I can't see a way of translating this without a verb after "try", which is why I suggested "she's trying to stop me from noticing it", because it involves no active participation on my part. But an alternative could be "she's trying to make sure I don't notice it".  
Is that any clearer?


----------



## Aereen

I know understand. As you say, in Spanish we haven't got this problem, so as I think in Spanish I couldn't see it. I will write "She tries to stop me from noticing it". Thank you very much.


----------



## JennyTW

Aereen said:


> I know understand. As you say, in Spanish we haven't got this problem, so as I think in Spanish I couldn't see it. I will write "She tries to stop me from noticing it". Thank you very much.

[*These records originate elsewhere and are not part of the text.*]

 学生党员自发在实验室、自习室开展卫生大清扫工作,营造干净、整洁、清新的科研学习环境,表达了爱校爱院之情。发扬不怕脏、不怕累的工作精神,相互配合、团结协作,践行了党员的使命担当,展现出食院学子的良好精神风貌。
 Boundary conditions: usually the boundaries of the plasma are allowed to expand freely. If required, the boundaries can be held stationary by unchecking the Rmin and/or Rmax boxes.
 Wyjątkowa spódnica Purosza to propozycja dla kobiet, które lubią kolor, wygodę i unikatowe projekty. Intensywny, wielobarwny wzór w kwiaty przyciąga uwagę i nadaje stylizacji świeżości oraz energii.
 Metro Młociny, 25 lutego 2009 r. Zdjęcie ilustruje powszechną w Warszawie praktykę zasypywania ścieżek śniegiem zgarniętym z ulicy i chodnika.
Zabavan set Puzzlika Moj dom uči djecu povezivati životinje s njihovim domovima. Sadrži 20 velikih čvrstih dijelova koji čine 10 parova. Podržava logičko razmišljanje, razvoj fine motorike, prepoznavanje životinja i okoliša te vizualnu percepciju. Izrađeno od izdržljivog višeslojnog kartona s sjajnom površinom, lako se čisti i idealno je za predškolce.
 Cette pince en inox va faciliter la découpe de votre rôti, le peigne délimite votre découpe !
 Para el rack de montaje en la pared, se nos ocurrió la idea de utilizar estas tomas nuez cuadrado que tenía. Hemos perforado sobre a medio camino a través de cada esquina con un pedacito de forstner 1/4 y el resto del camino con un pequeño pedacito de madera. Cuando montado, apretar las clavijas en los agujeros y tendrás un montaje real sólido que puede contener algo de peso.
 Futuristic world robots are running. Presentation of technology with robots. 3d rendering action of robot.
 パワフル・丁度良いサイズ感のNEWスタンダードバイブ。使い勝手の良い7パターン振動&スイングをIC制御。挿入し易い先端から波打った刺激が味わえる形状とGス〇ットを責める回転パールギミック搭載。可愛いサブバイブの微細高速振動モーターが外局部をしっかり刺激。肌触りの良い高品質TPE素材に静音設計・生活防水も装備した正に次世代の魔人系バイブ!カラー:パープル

When you say "ella intenta que yo no lo note" are you referring to something she often does, or just to one occasion?  What's the context?


----------



## Aereen

Is just one occasion. The whole sentence is "está asustada, pero intenta que no lo note".


----------



## inib

Here's an alternative: _She's frightened, but she's trying not to show it._ It's not perfect, because it doesn't specify that she's hiding the fact from *me*, but it sounds more natural than the previous tries, I think. If it's just one occasion, the present continuous sounds better to me. (I imagine that is why Jenny asked the question.)


----------



## JennyTW

inib said:


> Here's an alternative: _She's frightened, but she's trying not to show it._ It's not perfect, because it doesn't specify that she's hiding the fact from *me*, but it sounds more natural than the previous tries, I think. If it's just one occasion, the present continuous sounds better to me. (I imagine that is why Jenny asked the question.)



I think you nailed it there! That would be the natural equivalent. 

Yes, that's why I asked, but without more context (which would also help to see if "me" is vital or not), it could still be a past incident related in the present simple, rather than the present continuous.


----------



## inib

JennyTW said:


> I think you nailed it there! That would be the natural equivalent.
> 
> ...it could still be a past incident related in the present simple, ...


True, you've got a point there.


----------



## juan2937

JennyTW said:


> I think you nailed it there! That would be the natural equivalent.
> Yes, that's why I asked, but without more context (which would also help to see if "me" is vital or not), it could still be a past incident related in the present simple, rather than the present continuous.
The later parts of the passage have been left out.